◆ **EXERCISE AIM**
What is wanted is every line below from the one with "Hosting 16 guests" up to and including the one with "原来,童童不慎被铅笔尖直直戳", retyped exactly, pictures excluded, nothing else.

◆ **RECORDS SHOWN**
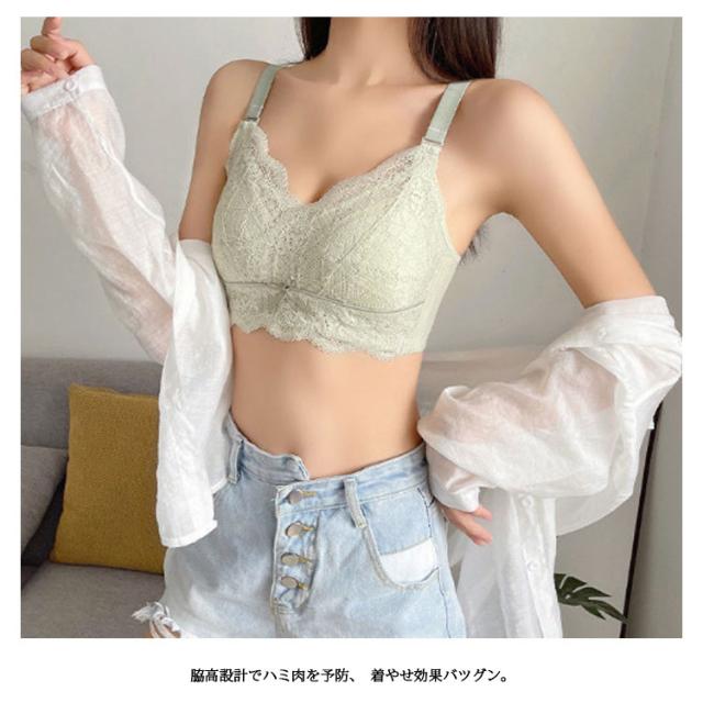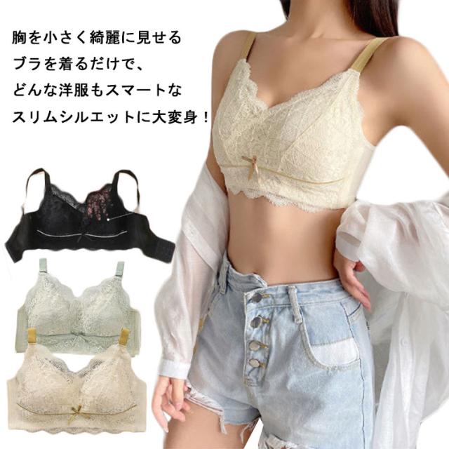 ブラジャー レディース 下着 送料無料 胸を小さく見せるブラ ノンワイヤー フルカップ はみ肉スッキリ レース 胸を小さくする 大きいサイズ 脇高調整ブラ 着痩せ 通気性 細見え スマートブラ
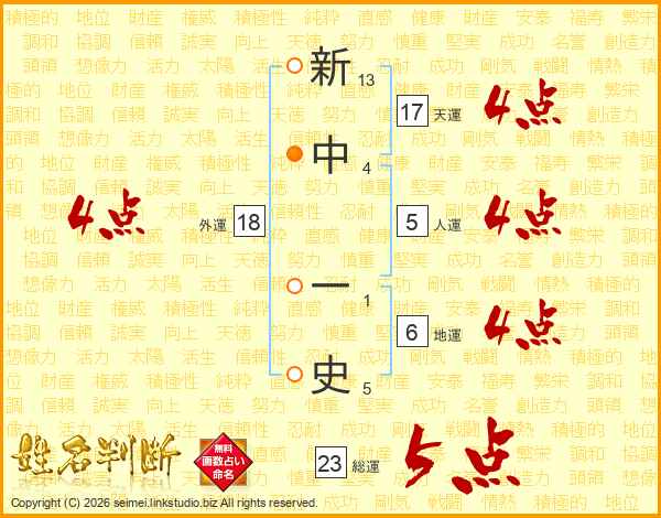 新中一史さんの天運は17画の4点!
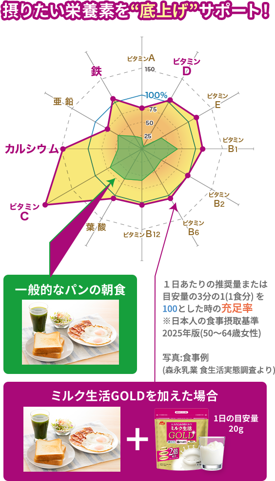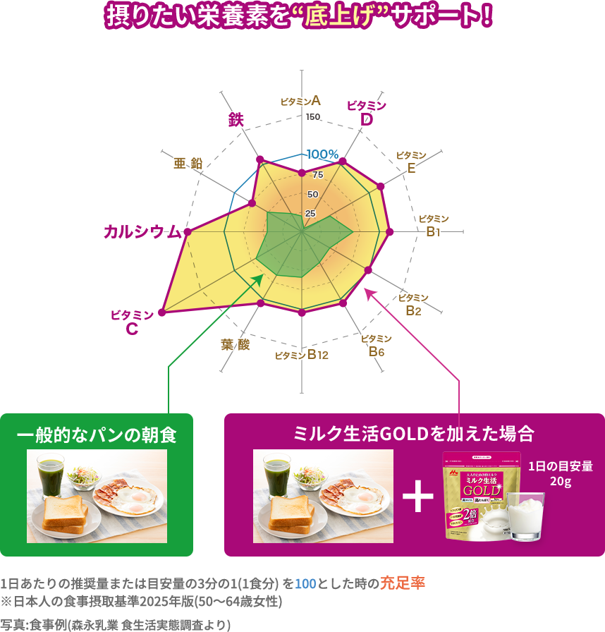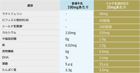 ※1 ミルク生活GOLD 製品20gあたりラクトフェリン40㎎配合
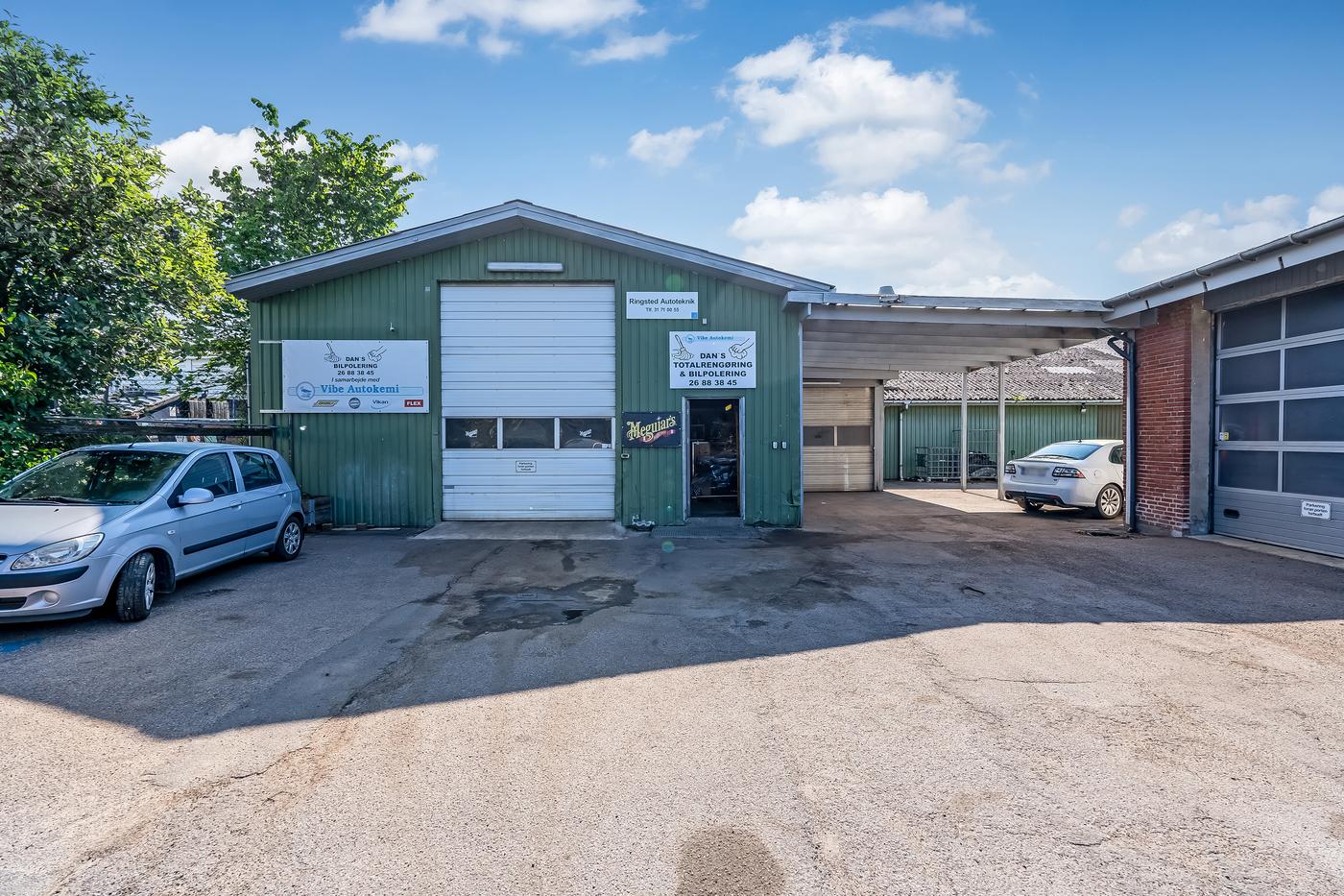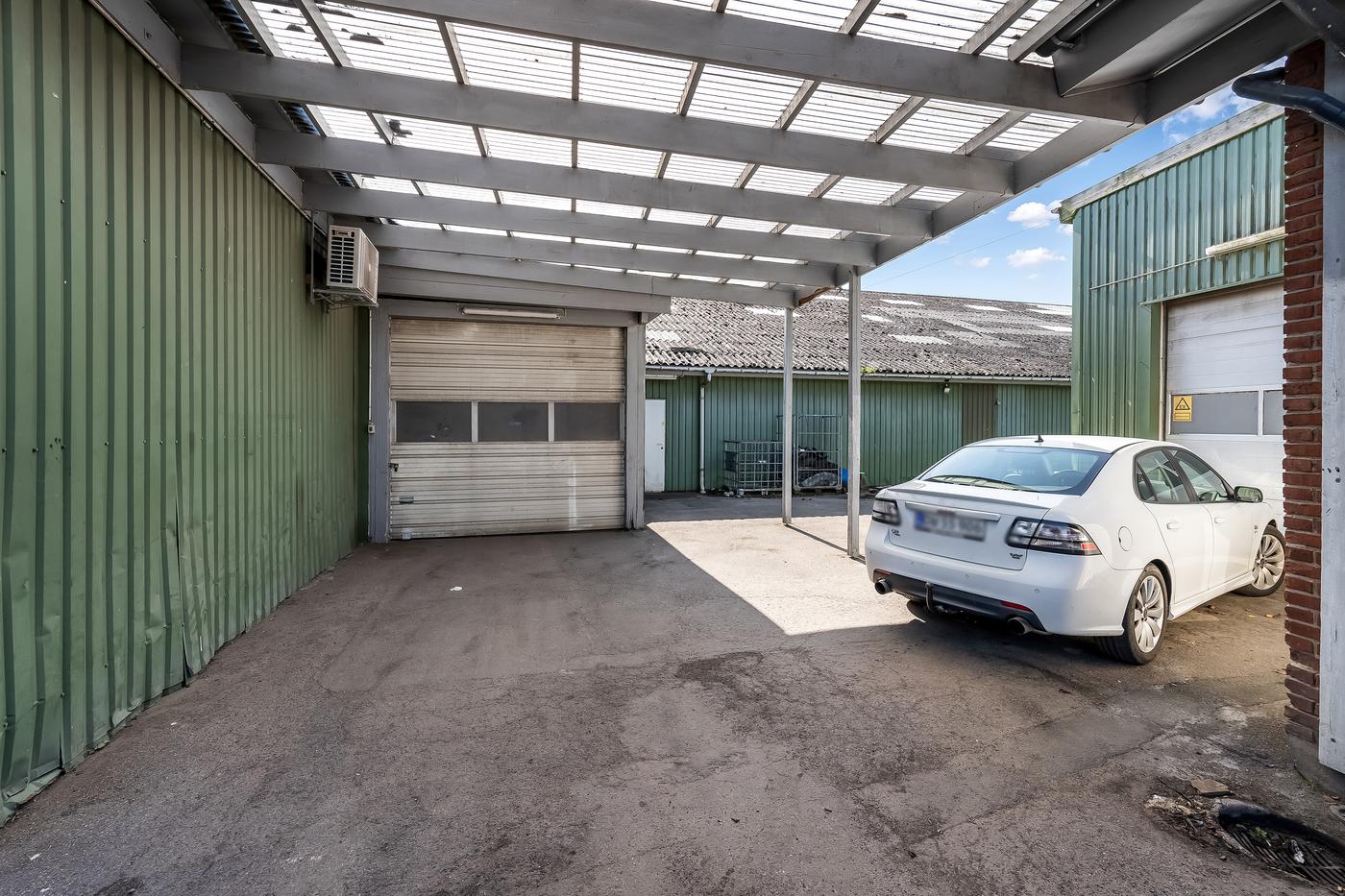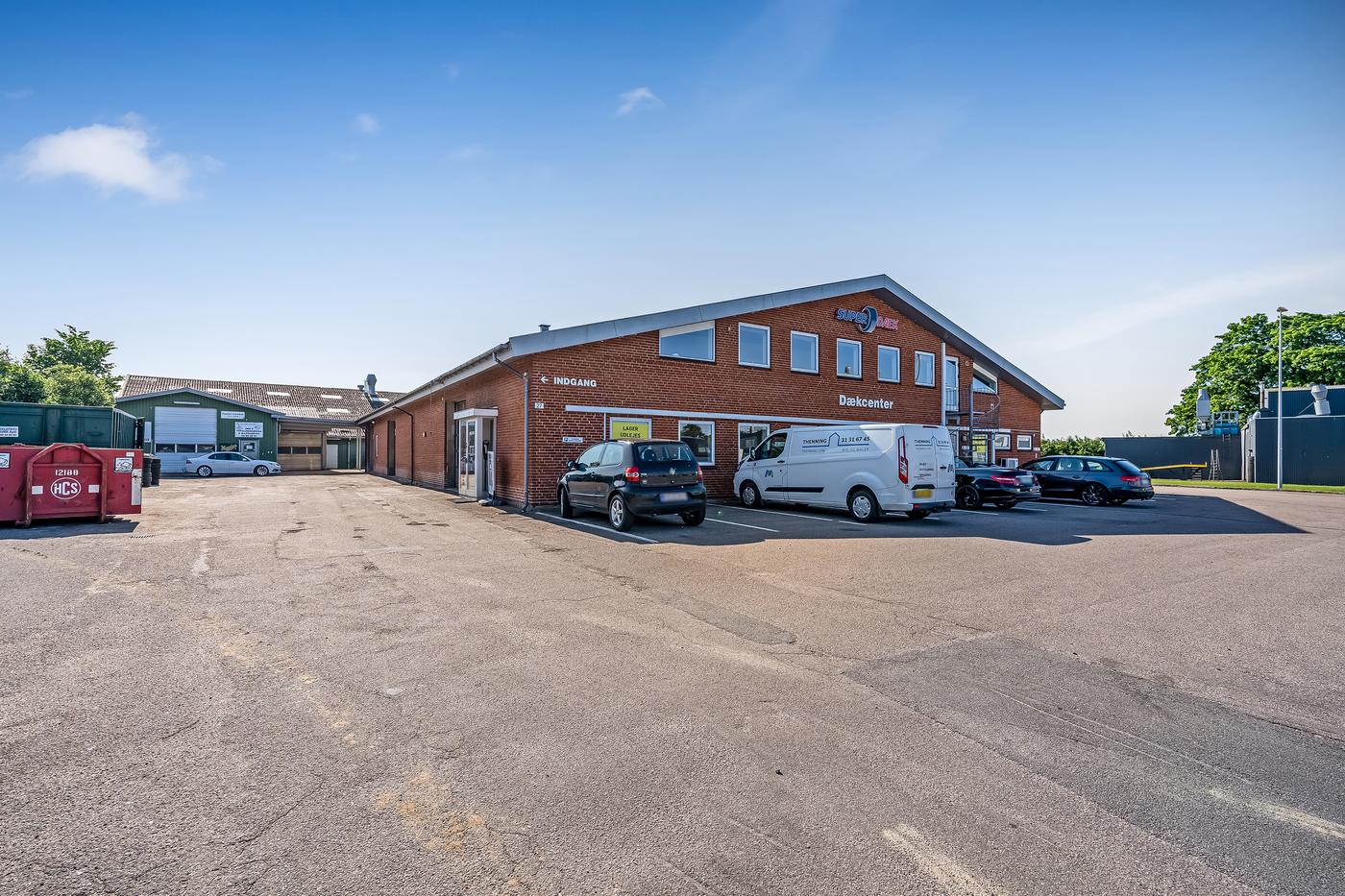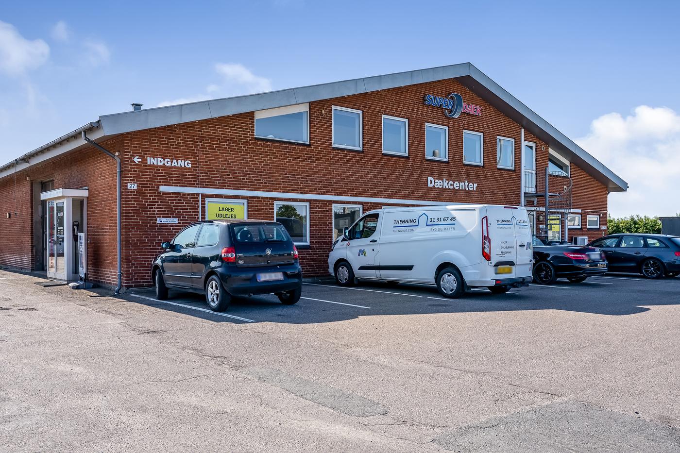 Foran bygningen er der parkeringspladser, og gode adgangsforhold via bred indkørsel. Der er mulighed for at leje yderligere kvadratmeter på ejendommen.
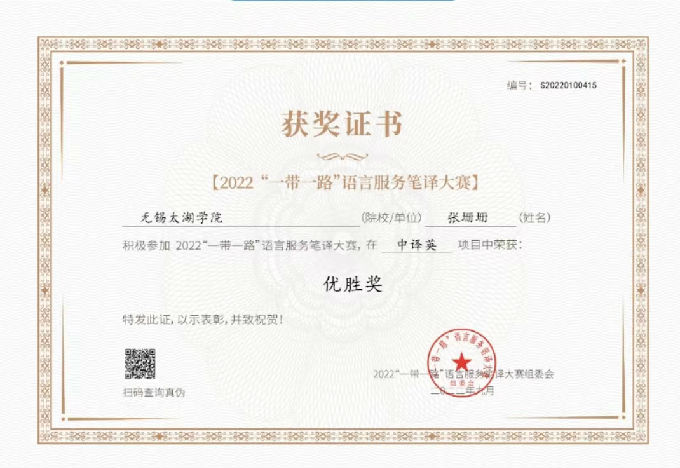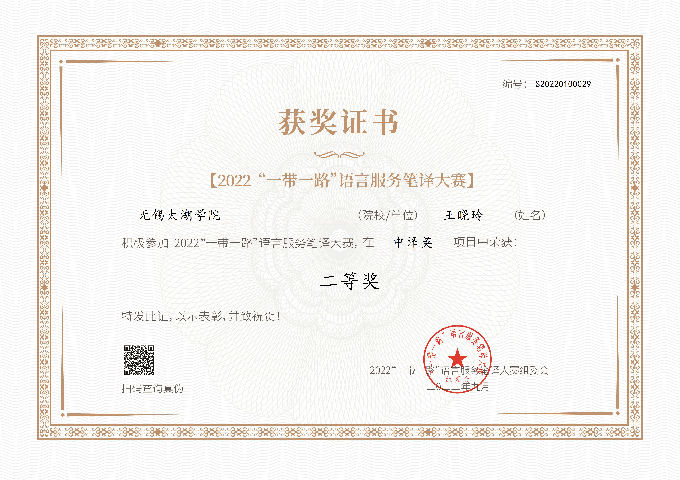 语言架起了一座跨越文化沟壑的桥梁,承载着文化交流与传播的重担。2022年“一带一路”语言服务笔译大赛顺利举行并圆满落下帷幕。我校外国语学院的学子们踊跃报名,积极备赛,并在比赛取得了优异的成绩!现将本次比赛获奖名单公布如下:
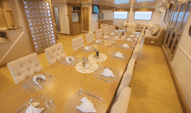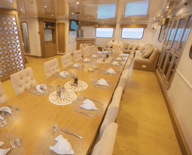 Hosting 16 guests in 8 cabins: 2 Upper-Deck Suites and 6 Main-Deck Cabins, the intimate footprint keeps lounges, sun deck, and boarding points close and convenient.
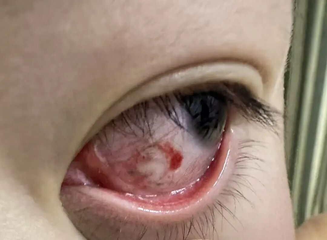原来,童童不慎被铅笔尖直直戳中左眼。检查发现,其左眼结膜撕裂,伤口内嵌有黑色铅笔芯。情况紧急,必须立即手术探查并取出异物,否则可能引发感染或影响视力。
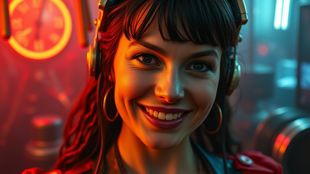 A 30-year-old woman with a rawboned build, sporting a cheeky smile, inspired by the works of Mark Citret, Guillermo Espinosa, Carl Frederik von Breda, Ed Benedict, Sebastian Errazuriz, and Colin Campbell Cooper. Set in a steampunk world, the scene features negative space and is color-graded to resemble a cinematic film still, embodying an analog style with hyper-realistic UHD faces in 8k resolution. Captured with a Fujifilm XT3 and Olympus XA2 camera using a 50mm lens at F/2.8, it boasts HDR effects, realistic color grading, and atmospheric volumetric lighting and fog. Reflections abound, serving as a fashion shot with a psychedelic twist, employing a Thomson MO5 color palette and modular constructivism design. Showcasing cinematic composition suitable for editorial cover art, this high-quality image embraces film grain and soft lighting for a hyper-realistic portrayal. The scene is lively yet meticulously crafted to avoid elements like cartoons, logos, or typical flaws such as low quality, distortion, or unrealistic proportions. The woman's hands are artistically rendered, emphasizing realistic anatomy while maintaining the overall thematic essence.

◆ **TASK OUTPUT**
 Hosting 16 guests in 8 cabins: 2 Upper-Deck Suites and 6 Main-Deck Cabins, the intimate footprint keeps lounges, sun deck, and boarding points close and convenient.
原来,童童不慎被铅笔尖直直戳中左眼。检查发现,其左眼结膜撕裂,伤口内嵌有黑色铅笔芯。情况紧急,必须立即手术探查并取出异物,否则可能引发感染或影响视力。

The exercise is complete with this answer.